- EXERCISE DATA -

##########

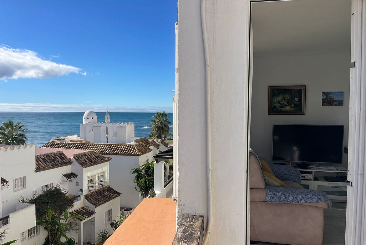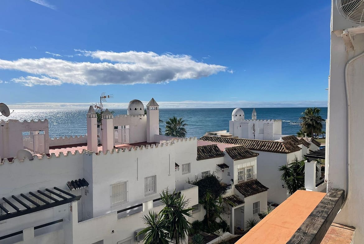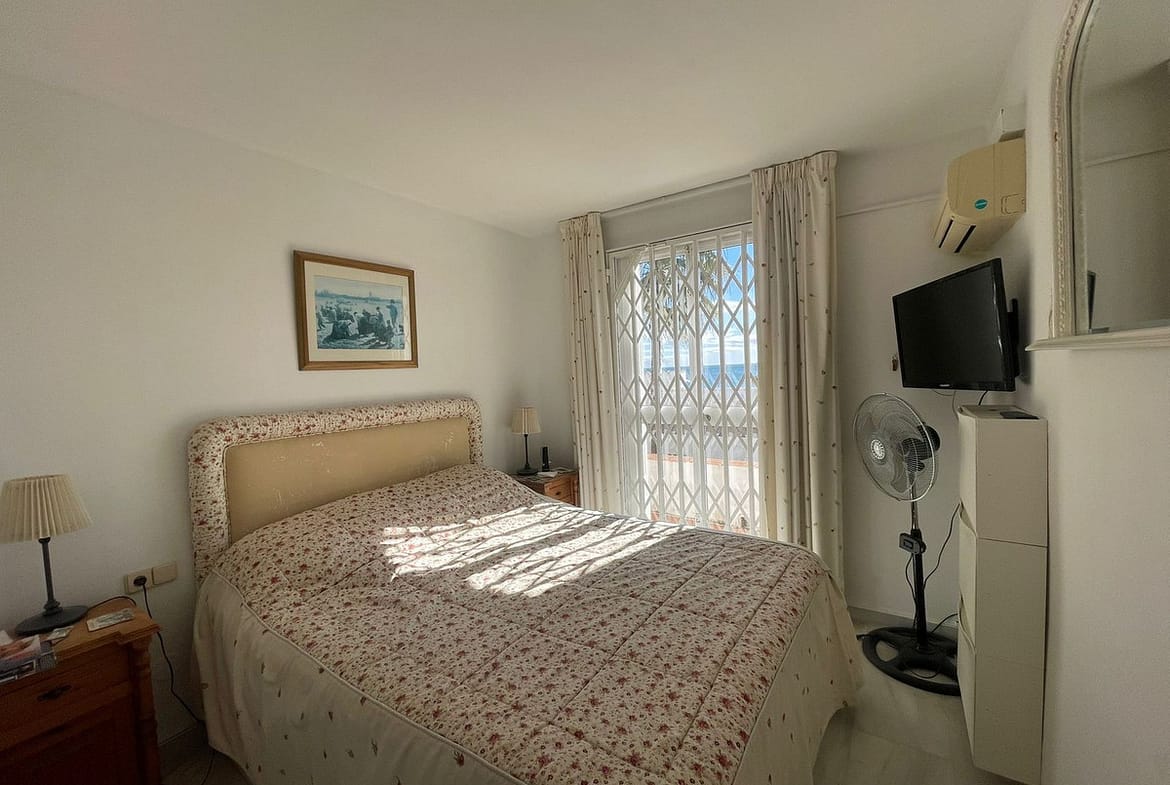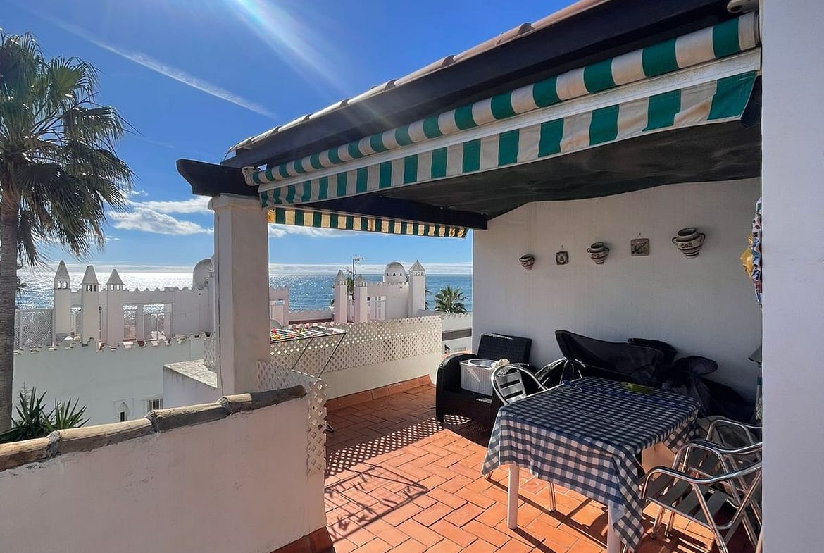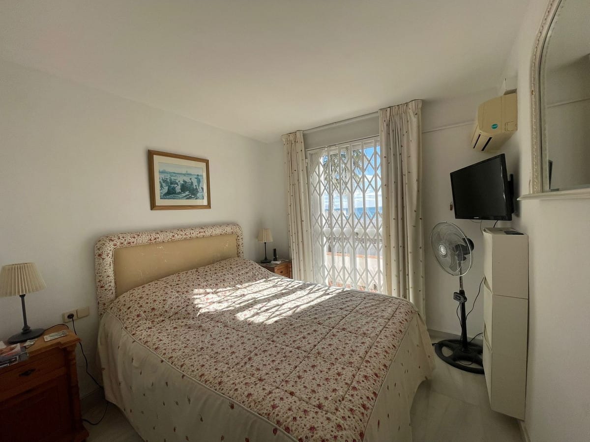 Corner penthouse for sale in one of the best beachfront developments in Mijas Costa, Calahonda. The apartment is on the first floor (no lift) and has 2 exterior bedrooms and 2 full bathrooms (with the possibility of easily converting it into 3 bedrooms), with a large corner and private terrace. From the apartment there is an impressive sea view, from the kitchen, living room, bedroom and terrace. The apartment is sunny all day, especially in winter when the sun is lower. There is new air conditioning (split, hot and cold) in the living room and in the master bedroom. The kitchen is large, exterior with a window and fully equipped, with a serving hatch that opens onto the dining area. The dining room and living room are spacious and sunny. There are built-in wardrobes in both bedrooms. There is a private parking space included in the price. It is a gated community with communal gardens and a large swimming pool facing the sea. You can exit through the community directly to the beach and can walk easily to several restaurants, beach bars, supermarket, pharmacy etc. We have refurbished several apartments of a similar size in the same urbanization for our investors from 2 bedroom to 3 bedroom apartments and we can show you before and after of those units, and you can visit them personally to get an idea of what can be done.
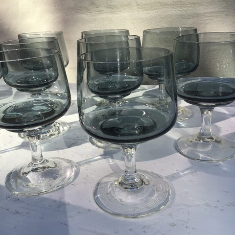Røgfarvede Atlantis likørglas fra Holmegaard. Højde ca. 6 cm. Har 11 stk i alt. Prisen er pr. Stk. afhentes i Esbjerg c. (Har også snapse og cognacglas!)
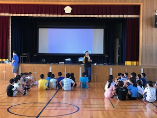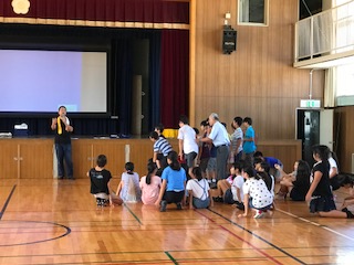 開会式が終わり、ゲームタイムです。災害対策を学びながら、クイズに答えるゲームです。学べる内容を考えてくださっています。子ども会、PTAのみなさん、いろいろなお世話とご配慮、ありがとうございます。
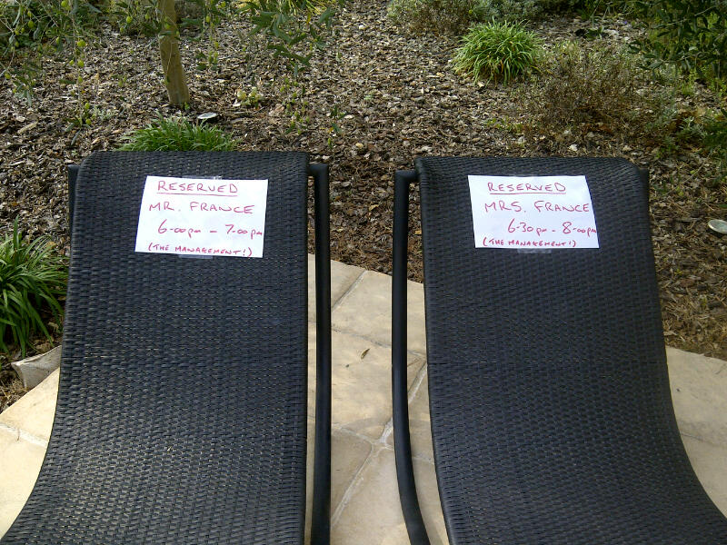 It seems that the nice lady decorator and I have a reputation for a short siesta, often during long drawn out lunches. I was not aware of that reputation until I came across these signs strategically placed signs on two sun loungers close to the pool yesterday as my picture today illustrates. It therefore seemed the right thing not to disavow our hosts of this erroneous impression they had mysteriously gained and we dutifully peeled off for a short sojourn at the appointed time.

##########

The reply should consist only of the lines from the top of the material above through the line with "開会式が終わり、ゲームタイム", printed exactly, pictures omitted.

- EXPECTED OUTPUT -
 Corner penthouse for sale in one of the best beachfront developments in Mijas Costa, Calahonda. The apartment is on the first floor (no lift) and has 2 exterior bedrooms and 2 full bathrooms (with the possibility of easily converting it into 3 bedrooms), with a large corner and private terrace. From the apartment there is an impressive sea view, from the kitchen, living room, bedroom and terrace. The apartment is sunny all day, especially in winter when the sun is lower. There is new air conditioning (split, hot and cold) in the living room and in the master bedroom. The kitchen is large, exterior with a window and fully equipped, with a serving hatch that opens onto the dining area. The dining room and living room are spacious and sunny. There are built-in wardrobes in both bedrooms. There is a private parking space included in the price. It is a gated community with communal gardens and a large swimming pool facing the sea. You can exit through the community directly to the beach and can walk easily to several restaurants, beach bars, supermarket, pharmacy etc. We have refurbished several apartments of a similar size in the same urbanization for our investors from 2 bedroom to 3 bedroom apartments and we can show you before and after of those units, and you can visit them personally to get an idea of what can be done.
Røgfarvede Atlantis likørglas fra Holmegaard. Højde ca. 6 cm. Har 11 stk i alt. Prisen er pr. Stk. afhentes i Esbjerg c. (Har også snapse og cognacglas!)
 開会式が終わり、ゲームタイムです。災害対策を学びながら、クイズに答えるゲームです。学べる内容を考えてくださっています。子ども会、PTAのみなさん、いろいろなお世話とご配慮、ありがとうございます。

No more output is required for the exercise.